The task >> Images are to be omitted, and the rest of the records reproduced exactly.

%%

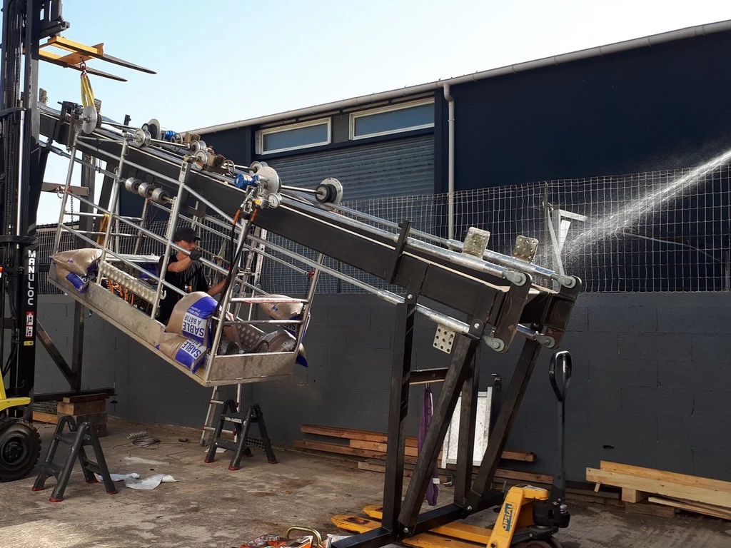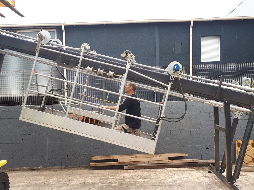 Il a été nécessaire d’imaginer, concevoir et dimensionner un châssis en acier suffisamment robuste pour pouvoir tendre des câbles de lignes hautes tension de 40 mm de diamètre.
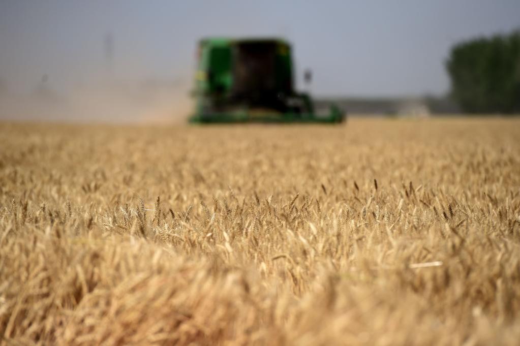 安徽省农垦集团龙亢农场良种繁育基地,工作人员驾驶收割机收割小麦(2021年6月7日摄)新华社记者 黄博涵 摄
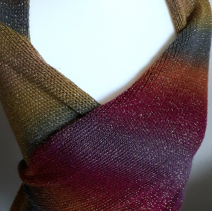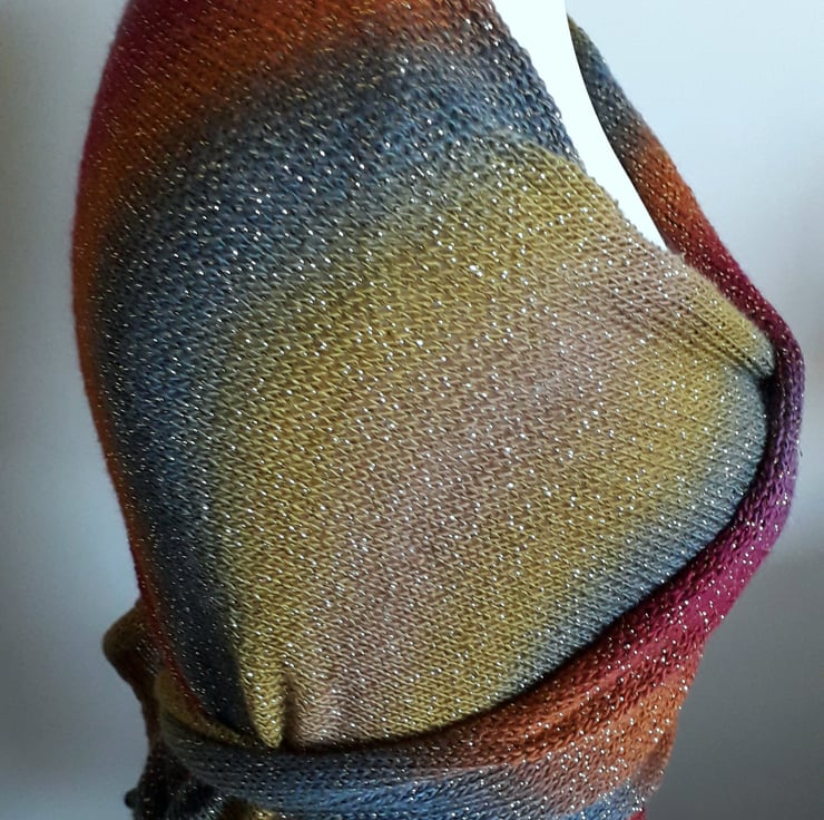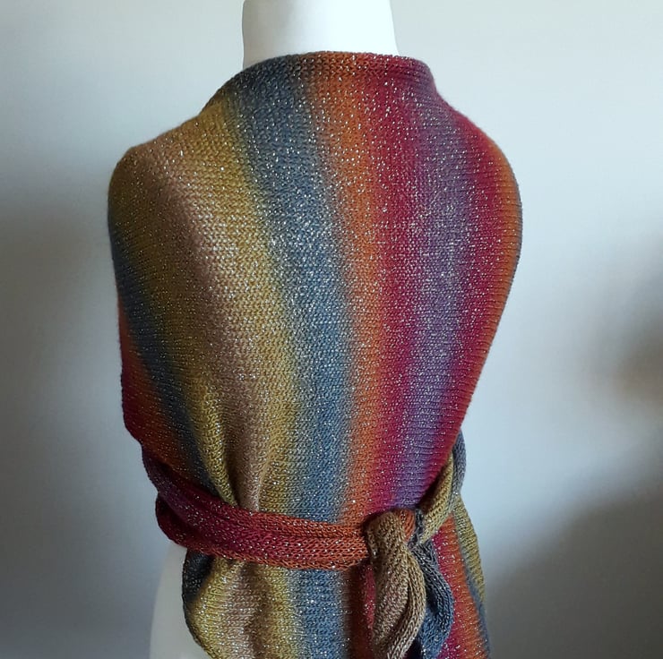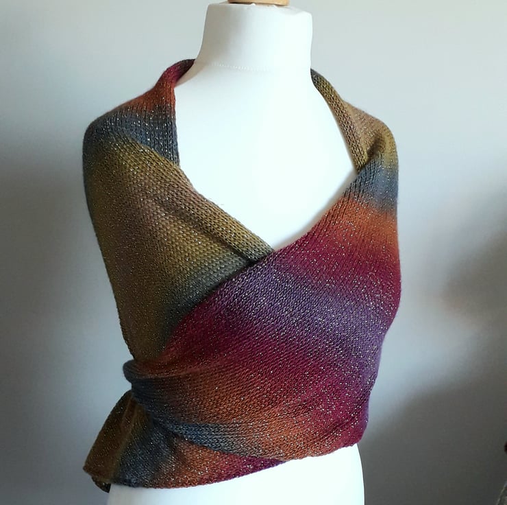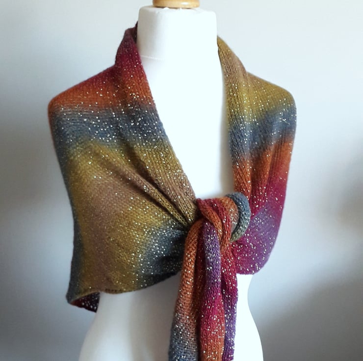 This triangular knitted wrap features a beautiful array of colours accompanied by gold sparkles representing the stars. It also has pretty eyelets along two sides for a decorative finish.
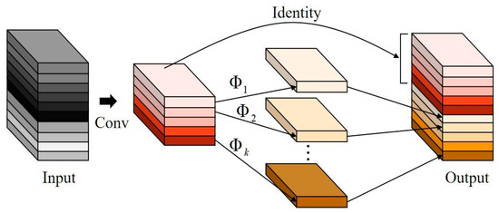 Huawei Noah’s Ark Laboratory proposed the lightweight network GhostNet in 2020, designing a unique convolutional structure that significantly reduces the amount of computation. The detection effect is slightly improved under the same amount of computation compared with other lightweight networks. The design idea comes from the visual analysis of the intermediate feature images generated in the process of deep learning, and it is found that the abundant and redundant information in the feature map can often reflect the comprehensiveness of the input data. Therefore, the researchers designed a low-cost and high-yield Ghost convolution unit to carry out these feature mappings containing redundant information to reveal the information behind the intrinsic features fully. The Ghost convolution unit adds the weight value of the feature map obtained by depth convolution to the input feature map to retain the context feature information better. GhostNet designs a unique Ghost module based on the Ghost convolution unit to extract features from input images. Its structure is shown in Figure 6.
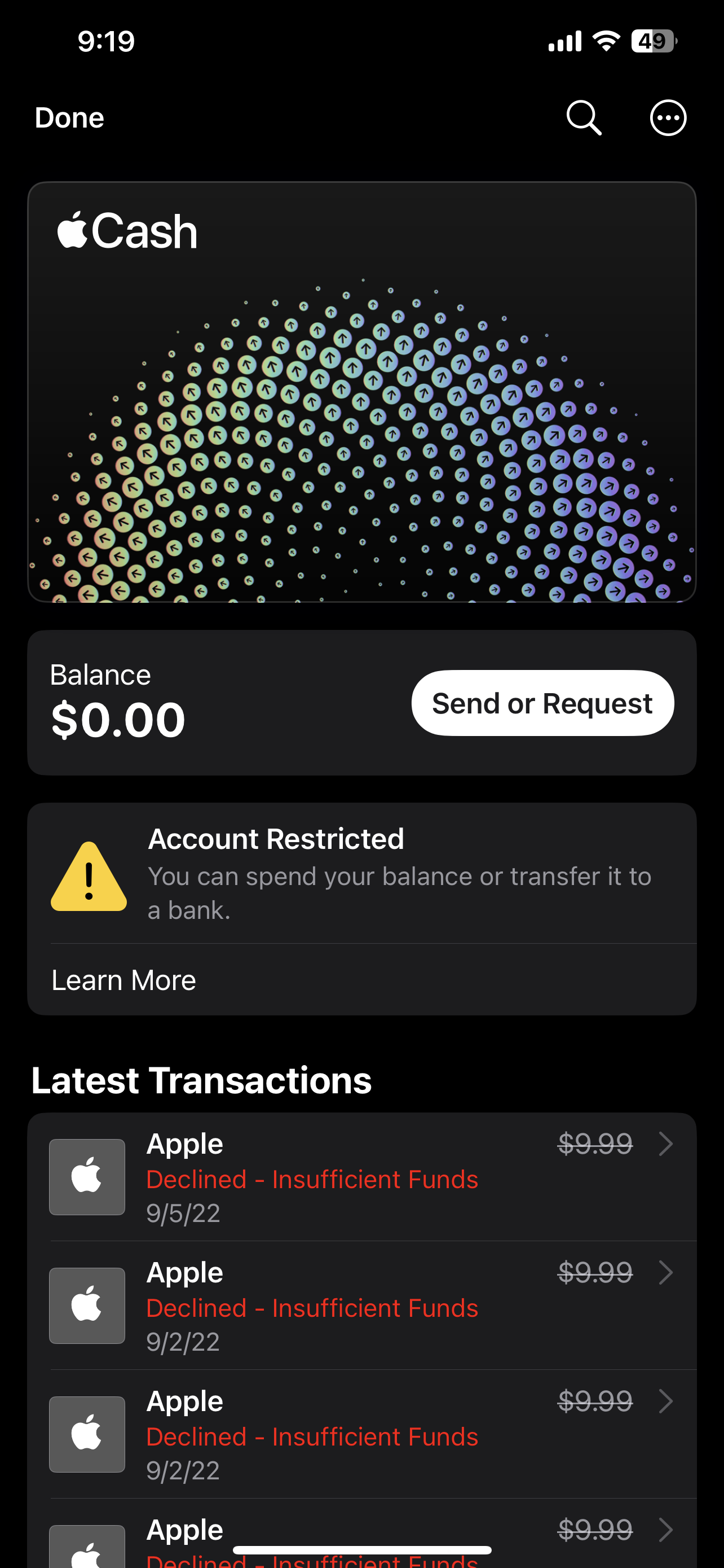 Your account may be restricted if your identity verification fails multiple times, if there are multiple accounts tied to the same social security number, or if there's suspected fraud on the account. If your account is restricted, you can still transfer your Apple Cash balance to your bank or use it to make purchases with Apple Pay. You can't send or receive money, or add money to your account.

%%

Answer to this exercise >>
 Il a été nécessaire d’imaginer, concevoir et dimensionner un châssis en acier suffisamment robuste pour pouvoir tendre des câbles de lignes hautes tension de 40 mm de diamètre.
 安徽省农垦集团龙亢农场良种繁育基地,工作人员驾驶收割机收割小麦(2021年6月7日摄)新华社记者 黄博涵 摄
 This triangular knitted wrap features a beautiful array of colours accompanied by gold sparkles representing the stars. It also has pretty eyelets along two sides for a decorative finish.
 Huawei Noah’s Ark Laboratory proposed the lightweight network GhostNet in 2020, designing a unique convolutional structure that significantly reduces the amount of computation. The detection effect is slightly improved under the same amount of computation compared with other lightweight networks. The design idea comes from the visual analysis of the intermediate feature images generated in the process of deep learning, and it is found that the abundant and redundant information in the feature map can often reflect the comprehensiveness of the input data. Therefore, the researchers designed a low-cost and high-yield Ghost convolution unit to carry out these feature mappings containing redundant information to reveal the information behind the intrinsic features fully. The Ghost convolution unit adds the weight value of the feature map obtained by depth convolution to the input feature map to retain the context feature information better. GhostNet designs a unique Ghost module based on the Ghost convolution unit to extract features from input images. Its structure is shown in Figure 6.
 Your account may be restricted if your identity verification fails multiple times, if there are multiple accounts tied to the same social security number, or if there's suspected fraud on the account. If your account is restricted, you can still transfer your Apple Cash balance to your bank or use it to make purchases with Apple Pay. You can't send or receive money, or add money to your account.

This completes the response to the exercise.